SUMMARY OF THE INVENTION

The object of this invention is to develop a class of structural composites that have combined properties defined from (p1) to (p5) in the previous section “Background of the Invention”, so as to achieve combined advantages from aforementioned 2D and 3D composite armors. Wherein a said composite in this class is an engineering system that assembles the cells, for examples, those plotted in FIG. 1, into the composite, by which the embodiment is that an arch-shaped plate B, confined by upper and lower overlaid reinforce plates A and A′, forms an arch unit cell that has the structural stability as the art of arch bridge's design but at the mesoscopic scale for a unit structural element in a composite. This arch unit cell has the enhanced flexibility to implant another filling material C into the cavity confined by the arch frame, wherein said material C can be another composite or a single-phase material that may have any desired property rather than to reinforce the arch cell. The implant of a filling material does not compromise the advantages associated with the cellular characters enhanced to the composite. This composite is termed “Lightweight Multi-layer Arch-structured Armor”, in short, LMAR. Plotted in FIG. 2 are the schematic view of five major designs of LMAR composites and possible applications.

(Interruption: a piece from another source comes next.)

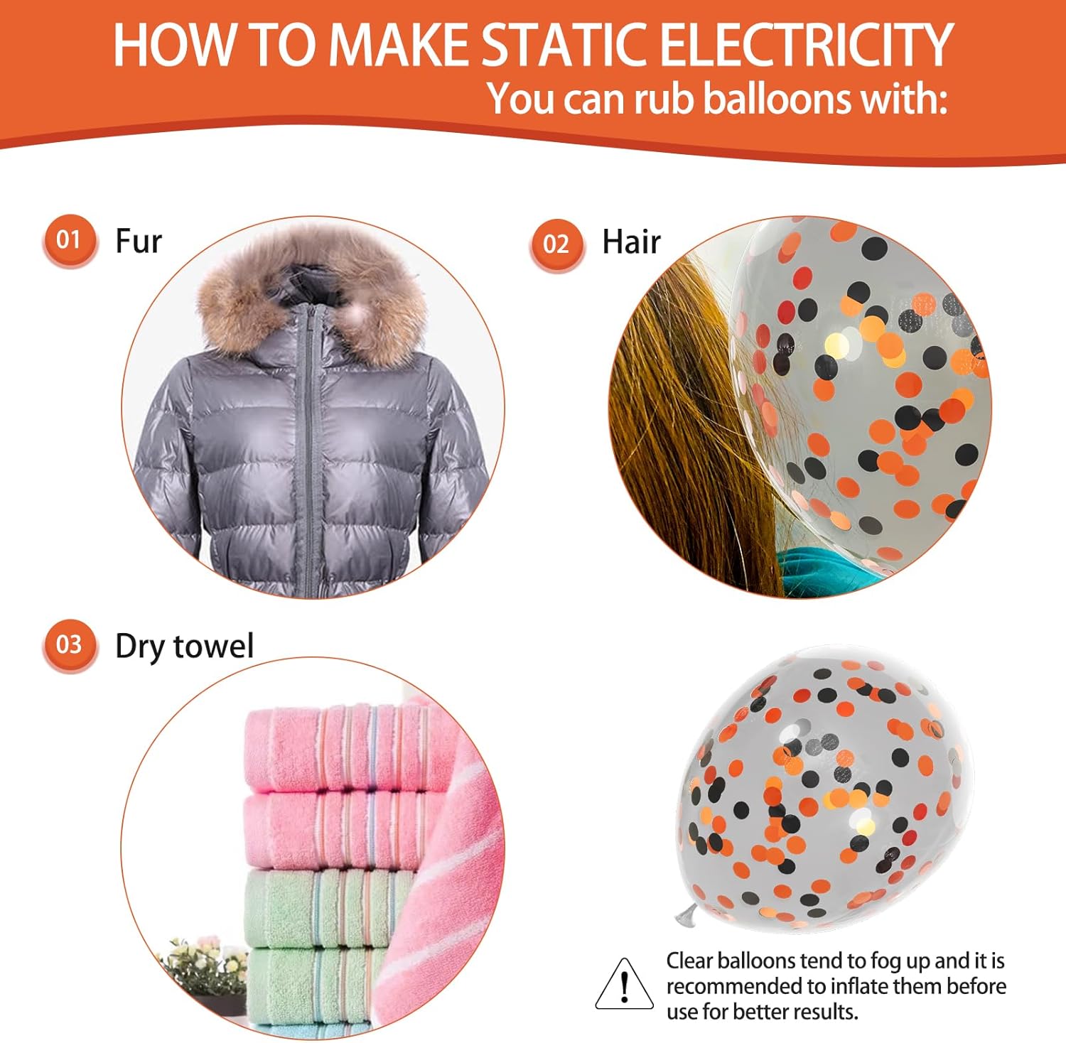 - 🎉【Complete 68-Piece Set】 – Includes 28 black balloons, 28 orange balloons, 12 confetti balloons, and 2 ribbons, offering a complete decorating solution for Halloween, graduation, birthdays, and themed parties.

BRIEF DESCRIPTION OF THE DRAWINGS

FIG. 1(a): A block of LMAR composite that can be used as an armor sheet to protect strikes such as the upcoming high-speed projectile plotted in the figure. This block of LMAR has single layer that contains several cells; wherein each cell comprises three kinds of structural elements: (1) arch-shaped plate B; (2) top reinforce plate A and bottom reinforce plate A′; (3) the “filling composite” C that is implanted into the cavity confined by the arch frame in each arch frame. According to application requirements, the cavity can be fully or partially filled by material C or remains as empty. The arch-shaped plate may include three parts characterized by different geometric parameters: top arch just behind the upper reinforce plate A, the bottom arch attached to bottom plate A′, and a straight segment to contact the upper and bottom arches. The top arch and the bottom arch may have different curvatures and size. The straight segment in the arch-shaped plate B is not always necessary and thus may vanish. The upper reinforce plate A is designed to face external impacts that can be an incoming projectile or blast wave front or a quasi-static pressure.

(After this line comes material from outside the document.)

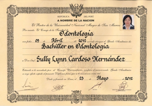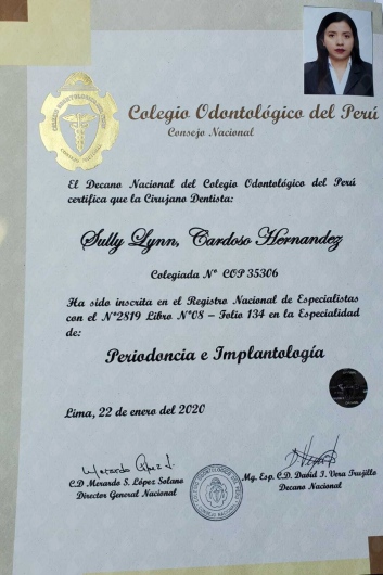 Soy egresada dela Universidad Nacional Mayor de San Marcos, con 14 años de experiencia, especialista en implantología oral (diplomado en UNMSM), y especialidad en Sao Paulo, Brasil

FIG. 1(b): Similar to FIG. 1(a), it is a block of LMAR composite that can be used as an armor sheet to protect upcoming strikes. This block of LMAR has single layer that contains several cells; wherein each cell comprises three kinds of structural elements: (1) the arch-shaped strip plates B_X1 and B_X2 align along the same horizontal direction but the convex arch part (towards top) in the plate B_X1 coincides to the concave arch part of the plate B_X2 side by side; whereas the arch-shaped strip plates B_Y1 and B_Y2 are aligned crossing over the strip plates B_X1 and B_X2 with that convex arch in one strip coincides to concave arch in another strip side by side too; the four crossing-over arch-shaped strip plates B_X1, B_X2, B_Y1, B_Y2 form a net-work lying on a horizontal plane; a LMAR composite cell may compromises one, two, three, or four arch-shaped strip plates selected from B_X1, B_X2, B_Y1, B_Y2. (2) top reinforce plate A and bottom reinforce plate A′; (3) the “filling composite” C that is implanted into the space confined by the plates A and A′. According to application requirements, the space can be fully or partially filled by material C or remains as empty.

FIG. 2: On left and upper-right are the six design prototypes of LMARs. The images on the middle and lower right illustrate possible applications that require light weight and high blast and penetration resistances, where the images of military vehicles, bridges, blast-resist door and containers are downloaded from internet (www.google.com).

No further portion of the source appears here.